## Exercise instructions
In the entries below, find the line with "2025年動(dòng)力電池退役量將達(dá)到174.2GWh" and the line with "Сборная карта из"; give again those lines and every line between them, exactly.

## Extracted material

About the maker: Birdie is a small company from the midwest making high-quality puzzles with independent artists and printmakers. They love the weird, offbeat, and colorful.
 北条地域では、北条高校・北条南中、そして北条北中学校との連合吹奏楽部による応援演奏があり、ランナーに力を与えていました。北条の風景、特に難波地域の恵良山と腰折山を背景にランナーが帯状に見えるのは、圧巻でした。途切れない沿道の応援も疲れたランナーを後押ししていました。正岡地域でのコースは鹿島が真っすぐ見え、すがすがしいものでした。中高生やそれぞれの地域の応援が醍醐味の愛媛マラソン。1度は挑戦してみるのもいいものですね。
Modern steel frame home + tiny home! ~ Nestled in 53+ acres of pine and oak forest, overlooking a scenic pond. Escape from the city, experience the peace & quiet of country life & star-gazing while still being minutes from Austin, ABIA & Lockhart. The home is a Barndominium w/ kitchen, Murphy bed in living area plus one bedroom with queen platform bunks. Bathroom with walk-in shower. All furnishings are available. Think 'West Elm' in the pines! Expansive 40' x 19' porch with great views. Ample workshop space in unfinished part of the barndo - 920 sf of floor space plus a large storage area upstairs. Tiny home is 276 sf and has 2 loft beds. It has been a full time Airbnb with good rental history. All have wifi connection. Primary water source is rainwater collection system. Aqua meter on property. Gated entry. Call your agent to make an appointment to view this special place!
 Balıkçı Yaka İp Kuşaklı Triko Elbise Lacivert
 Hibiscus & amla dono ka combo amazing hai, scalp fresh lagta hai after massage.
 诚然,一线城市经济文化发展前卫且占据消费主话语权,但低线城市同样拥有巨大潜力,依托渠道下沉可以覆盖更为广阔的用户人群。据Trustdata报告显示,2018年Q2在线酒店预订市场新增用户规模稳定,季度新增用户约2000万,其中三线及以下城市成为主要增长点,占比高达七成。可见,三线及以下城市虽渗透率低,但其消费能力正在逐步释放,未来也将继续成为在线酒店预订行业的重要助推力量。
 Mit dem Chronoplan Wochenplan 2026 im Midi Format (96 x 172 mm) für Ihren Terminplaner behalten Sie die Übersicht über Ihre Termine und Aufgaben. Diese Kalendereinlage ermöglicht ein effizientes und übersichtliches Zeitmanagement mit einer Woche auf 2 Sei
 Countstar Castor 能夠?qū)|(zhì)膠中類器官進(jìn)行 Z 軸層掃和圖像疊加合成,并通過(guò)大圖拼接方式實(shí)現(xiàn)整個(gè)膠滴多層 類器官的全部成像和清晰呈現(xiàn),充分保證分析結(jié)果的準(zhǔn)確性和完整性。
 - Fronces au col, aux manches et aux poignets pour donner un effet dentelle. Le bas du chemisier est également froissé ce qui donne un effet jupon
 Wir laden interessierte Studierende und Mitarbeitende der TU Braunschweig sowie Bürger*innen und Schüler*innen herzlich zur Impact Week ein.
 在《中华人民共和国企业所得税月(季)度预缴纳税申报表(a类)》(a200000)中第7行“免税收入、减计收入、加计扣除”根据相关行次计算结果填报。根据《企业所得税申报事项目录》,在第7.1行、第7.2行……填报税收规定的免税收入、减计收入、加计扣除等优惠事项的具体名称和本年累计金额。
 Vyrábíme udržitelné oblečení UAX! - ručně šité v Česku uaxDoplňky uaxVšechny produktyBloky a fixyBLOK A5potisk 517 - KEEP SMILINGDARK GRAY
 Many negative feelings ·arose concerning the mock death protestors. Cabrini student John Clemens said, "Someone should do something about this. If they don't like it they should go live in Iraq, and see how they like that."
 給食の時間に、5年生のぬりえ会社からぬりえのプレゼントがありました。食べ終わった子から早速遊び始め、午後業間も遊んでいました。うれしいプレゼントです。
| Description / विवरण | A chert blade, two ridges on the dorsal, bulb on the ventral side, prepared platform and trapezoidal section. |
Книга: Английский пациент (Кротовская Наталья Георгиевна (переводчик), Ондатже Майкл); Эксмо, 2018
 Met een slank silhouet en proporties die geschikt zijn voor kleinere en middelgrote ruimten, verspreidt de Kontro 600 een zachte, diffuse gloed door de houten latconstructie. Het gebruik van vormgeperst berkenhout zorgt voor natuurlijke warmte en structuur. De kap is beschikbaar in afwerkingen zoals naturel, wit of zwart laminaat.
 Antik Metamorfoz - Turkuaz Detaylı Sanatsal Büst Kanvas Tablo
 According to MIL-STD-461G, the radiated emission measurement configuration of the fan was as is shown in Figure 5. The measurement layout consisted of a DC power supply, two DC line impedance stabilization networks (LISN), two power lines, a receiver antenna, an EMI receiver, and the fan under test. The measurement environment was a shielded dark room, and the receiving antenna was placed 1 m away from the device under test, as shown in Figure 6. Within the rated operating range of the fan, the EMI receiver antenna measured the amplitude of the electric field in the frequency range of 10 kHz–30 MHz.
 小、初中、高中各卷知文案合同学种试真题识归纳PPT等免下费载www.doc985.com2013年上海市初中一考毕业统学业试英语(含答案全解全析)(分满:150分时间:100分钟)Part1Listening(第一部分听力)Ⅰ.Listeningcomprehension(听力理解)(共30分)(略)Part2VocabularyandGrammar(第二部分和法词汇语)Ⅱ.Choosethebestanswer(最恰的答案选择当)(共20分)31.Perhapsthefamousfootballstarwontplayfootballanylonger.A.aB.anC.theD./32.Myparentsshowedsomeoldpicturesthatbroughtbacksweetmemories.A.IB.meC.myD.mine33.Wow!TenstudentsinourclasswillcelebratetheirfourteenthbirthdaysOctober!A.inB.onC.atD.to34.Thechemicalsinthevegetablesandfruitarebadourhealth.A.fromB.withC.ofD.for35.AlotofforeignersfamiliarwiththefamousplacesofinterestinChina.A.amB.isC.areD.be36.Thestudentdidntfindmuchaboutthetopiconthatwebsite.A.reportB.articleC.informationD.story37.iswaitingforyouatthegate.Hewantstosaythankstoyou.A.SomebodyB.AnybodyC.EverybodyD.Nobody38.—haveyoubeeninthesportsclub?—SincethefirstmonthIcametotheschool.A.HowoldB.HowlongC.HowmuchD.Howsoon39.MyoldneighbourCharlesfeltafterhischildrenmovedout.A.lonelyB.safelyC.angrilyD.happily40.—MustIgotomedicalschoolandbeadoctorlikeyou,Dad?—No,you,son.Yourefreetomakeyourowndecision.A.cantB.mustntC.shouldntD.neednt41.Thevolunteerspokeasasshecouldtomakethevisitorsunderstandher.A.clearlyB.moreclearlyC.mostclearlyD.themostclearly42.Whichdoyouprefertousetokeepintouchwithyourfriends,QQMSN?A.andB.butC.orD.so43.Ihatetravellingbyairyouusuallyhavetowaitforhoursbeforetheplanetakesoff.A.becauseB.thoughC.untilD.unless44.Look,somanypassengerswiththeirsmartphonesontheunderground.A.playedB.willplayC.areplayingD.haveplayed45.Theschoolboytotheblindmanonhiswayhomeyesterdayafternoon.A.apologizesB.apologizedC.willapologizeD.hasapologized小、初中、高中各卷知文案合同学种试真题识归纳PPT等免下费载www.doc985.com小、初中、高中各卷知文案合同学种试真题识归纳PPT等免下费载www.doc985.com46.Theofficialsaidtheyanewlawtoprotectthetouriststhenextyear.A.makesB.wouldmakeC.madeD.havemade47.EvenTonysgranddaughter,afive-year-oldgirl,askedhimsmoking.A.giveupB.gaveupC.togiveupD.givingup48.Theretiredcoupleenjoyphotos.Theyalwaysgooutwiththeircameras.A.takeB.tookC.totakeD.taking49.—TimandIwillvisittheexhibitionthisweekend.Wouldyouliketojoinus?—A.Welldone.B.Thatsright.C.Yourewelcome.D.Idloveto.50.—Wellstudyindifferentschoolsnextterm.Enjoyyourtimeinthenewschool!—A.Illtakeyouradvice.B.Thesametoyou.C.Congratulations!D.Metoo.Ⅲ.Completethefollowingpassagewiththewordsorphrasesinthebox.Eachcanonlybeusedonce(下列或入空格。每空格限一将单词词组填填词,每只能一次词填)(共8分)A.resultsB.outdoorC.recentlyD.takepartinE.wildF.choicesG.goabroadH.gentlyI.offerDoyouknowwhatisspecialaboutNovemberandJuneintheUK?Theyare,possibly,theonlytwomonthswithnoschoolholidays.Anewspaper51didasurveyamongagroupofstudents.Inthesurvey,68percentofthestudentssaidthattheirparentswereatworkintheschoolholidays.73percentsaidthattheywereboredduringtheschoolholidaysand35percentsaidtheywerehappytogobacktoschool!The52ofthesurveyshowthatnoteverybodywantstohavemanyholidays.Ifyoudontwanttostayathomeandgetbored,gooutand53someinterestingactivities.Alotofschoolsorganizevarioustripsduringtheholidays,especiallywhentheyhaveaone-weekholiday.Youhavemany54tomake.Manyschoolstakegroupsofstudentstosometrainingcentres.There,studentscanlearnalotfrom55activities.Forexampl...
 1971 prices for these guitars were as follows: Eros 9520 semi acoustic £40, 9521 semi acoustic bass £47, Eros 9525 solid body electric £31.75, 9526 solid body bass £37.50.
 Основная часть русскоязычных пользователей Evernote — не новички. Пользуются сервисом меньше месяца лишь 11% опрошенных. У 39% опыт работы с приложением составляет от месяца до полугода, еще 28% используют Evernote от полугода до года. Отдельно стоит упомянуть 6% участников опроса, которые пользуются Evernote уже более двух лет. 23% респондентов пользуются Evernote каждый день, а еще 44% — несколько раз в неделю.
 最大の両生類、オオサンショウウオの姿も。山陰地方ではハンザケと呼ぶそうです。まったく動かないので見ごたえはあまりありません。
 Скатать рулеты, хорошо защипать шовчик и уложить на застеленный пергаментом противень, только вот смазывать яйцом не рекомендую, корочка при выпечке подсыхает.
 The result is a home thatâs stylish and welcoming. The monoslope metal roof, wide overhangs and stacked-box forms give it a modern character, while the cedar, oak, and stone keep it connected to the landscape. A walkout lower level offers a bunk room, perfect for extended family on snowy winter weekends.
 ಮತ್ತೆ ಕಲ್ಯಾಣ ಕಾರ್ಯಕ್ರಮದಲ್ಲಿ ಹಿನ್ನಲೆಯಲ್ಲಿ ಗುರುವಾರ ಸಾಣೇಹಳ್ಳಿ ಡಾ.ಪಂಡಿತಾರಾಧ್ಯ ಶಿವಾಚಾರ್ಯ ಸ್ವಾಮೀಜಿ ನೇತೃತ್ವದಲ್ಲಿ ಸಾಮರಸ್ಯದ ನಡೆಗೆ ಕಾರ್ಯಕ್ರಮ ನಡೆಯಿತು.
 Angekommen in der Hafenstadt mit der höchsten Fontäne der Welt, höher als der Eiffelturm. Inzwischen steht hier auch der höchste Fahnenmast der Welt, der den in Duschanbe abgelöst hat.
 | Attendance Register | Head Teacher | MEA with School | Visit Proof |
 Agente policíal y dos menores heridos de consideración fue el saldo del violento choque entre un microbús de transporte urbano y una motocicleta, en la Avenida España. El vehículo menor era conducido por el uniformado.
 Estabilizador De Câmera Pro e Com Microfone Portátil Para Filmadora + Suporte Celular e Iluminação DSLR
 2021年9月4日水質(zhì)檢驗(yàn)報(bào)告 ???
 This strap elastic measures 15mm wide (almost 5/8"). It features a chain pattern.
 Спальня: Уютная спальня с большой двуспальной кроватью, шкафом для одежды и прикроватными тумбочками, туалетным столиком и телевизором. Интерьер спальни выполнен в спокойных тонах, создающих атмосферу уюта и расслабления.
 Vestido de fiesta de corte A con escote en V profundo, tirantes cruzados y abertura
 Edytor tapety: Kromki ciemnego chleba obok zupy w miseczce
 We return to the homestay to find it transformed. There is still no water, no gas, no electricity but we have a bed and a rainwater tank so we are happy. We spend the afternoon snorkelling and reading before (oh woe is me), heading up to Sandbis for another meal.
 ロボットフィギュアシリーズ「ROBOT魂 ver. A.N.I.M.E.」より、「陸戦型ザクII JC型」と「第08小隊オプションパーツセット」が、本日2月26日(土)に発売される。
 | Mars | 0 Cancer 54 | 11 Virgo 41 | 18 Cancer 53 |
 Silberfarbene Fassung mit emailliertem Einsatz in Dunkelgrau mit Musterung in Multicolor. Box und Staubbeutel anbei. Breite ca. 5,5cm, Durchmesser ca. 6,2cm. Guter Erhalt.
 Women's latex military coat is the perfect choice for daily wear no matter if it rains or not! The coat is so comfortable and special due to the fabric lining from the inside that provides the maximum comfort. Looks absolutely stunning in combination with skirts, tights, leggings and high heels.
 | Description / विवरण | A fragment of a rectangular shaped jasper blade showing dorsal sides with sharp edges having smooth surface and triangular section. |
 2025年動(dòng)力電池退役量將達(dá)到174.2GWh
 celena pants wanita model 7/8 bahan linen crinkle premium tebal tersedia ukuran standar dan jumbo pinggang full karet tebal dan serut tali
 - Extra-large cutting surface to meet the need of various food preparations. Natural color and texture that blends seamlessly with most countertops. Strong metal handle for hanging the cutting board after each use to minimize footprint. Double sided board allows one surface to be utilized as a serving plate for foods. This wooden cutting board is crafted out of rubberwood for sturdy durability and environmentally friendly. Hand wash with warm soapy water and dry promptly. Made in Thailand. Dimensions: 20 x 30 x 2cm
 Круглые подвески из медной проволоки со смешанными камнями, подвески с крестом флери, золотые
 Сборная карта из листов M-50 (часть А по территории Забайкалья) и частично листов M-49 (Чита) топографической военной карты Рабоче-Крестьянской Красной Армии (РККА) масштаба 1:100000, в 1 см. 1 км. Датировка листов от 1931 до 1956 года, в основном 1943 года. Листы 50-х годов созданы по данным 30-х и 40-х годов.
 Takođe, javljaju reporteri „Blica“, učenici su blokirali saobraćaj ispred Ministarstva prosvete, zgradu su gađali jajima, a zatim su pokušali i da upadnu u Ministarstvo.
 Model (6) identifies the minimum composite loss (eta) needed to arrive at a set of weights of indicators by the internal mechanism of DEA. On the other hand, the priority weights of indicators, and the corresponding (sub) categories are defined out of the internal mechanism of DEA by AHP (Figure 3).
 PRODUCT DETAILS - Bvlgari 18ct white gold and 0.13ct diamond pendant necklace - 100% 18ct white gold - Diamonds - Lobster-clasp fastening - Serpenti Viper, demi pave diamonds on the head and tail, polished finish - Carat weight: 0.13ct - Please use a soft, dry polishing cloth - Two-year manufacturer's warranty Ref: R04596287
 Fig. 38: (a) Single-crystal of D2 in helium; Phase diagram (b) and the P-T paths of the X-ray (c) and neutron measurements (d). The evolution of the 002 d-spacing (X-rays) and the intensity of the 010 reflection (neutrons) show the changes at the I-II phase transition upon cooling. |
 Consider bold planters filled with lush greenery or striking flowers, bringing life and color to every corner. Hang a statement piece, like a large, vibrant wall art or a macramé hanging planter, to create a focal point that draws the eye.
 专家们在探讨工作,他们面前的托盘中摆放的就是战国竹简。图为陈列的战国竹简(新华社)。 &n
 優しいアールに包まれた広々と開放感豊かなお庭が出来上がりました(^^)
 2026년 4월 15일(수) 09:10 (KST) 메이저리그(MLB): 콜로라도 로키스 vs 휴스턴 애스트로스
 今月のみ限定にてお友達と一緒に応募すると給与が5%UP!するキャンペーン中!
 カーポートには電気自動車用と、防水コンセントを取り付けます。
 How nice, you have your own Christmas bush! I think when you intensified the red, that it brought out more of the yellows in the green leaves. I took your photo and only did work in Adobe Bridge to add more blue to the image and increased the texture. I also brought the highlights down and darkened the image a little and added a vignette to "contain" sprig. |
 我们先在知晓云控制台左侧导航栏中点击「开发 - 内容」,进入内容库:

## Solution to this problem
 2025年動(dòng)力電池退役量將達(dá)到174.2GWh
 celena pants wanita model 7/8 bahan linen crinkle premium tebal tersedia ukuran standar dan jumbo pinggang full karet tebal dan serut tali
 - Extra-large cutting surface to meet the need of various food preparations. Natural color and texture that blends seamlessly with most countertops. Strong metal handle for hanging the cutting board after each use to minimize footprint. Double sided board allows one surface to be utilized as a serving plate for foods. This wooden cutting board is crafted out of rubberwood for sturdy durability and environmentally friendly. Hand wash with warm soapy water and dry promptly. Made in Thailand. Dimensions: 20 x 30 x 2cm
 Круглые подвески из медной проволоки со смешанными камнями, подвески с крестом флери, золотые
 Сборная карта из листов M-50 (часть А по территории Забайкалья) и частично листов M-49 (Чита) топографической военной карты Рабоче-Крестьянской Красной Армии (РККА) масштаба 1:100000, в 1 см. 1 км. Датировка листов от 1931 до 1956 года, в основном 1943 года. Листы 50-х годов созданы по данным 30-х и 40-х годов.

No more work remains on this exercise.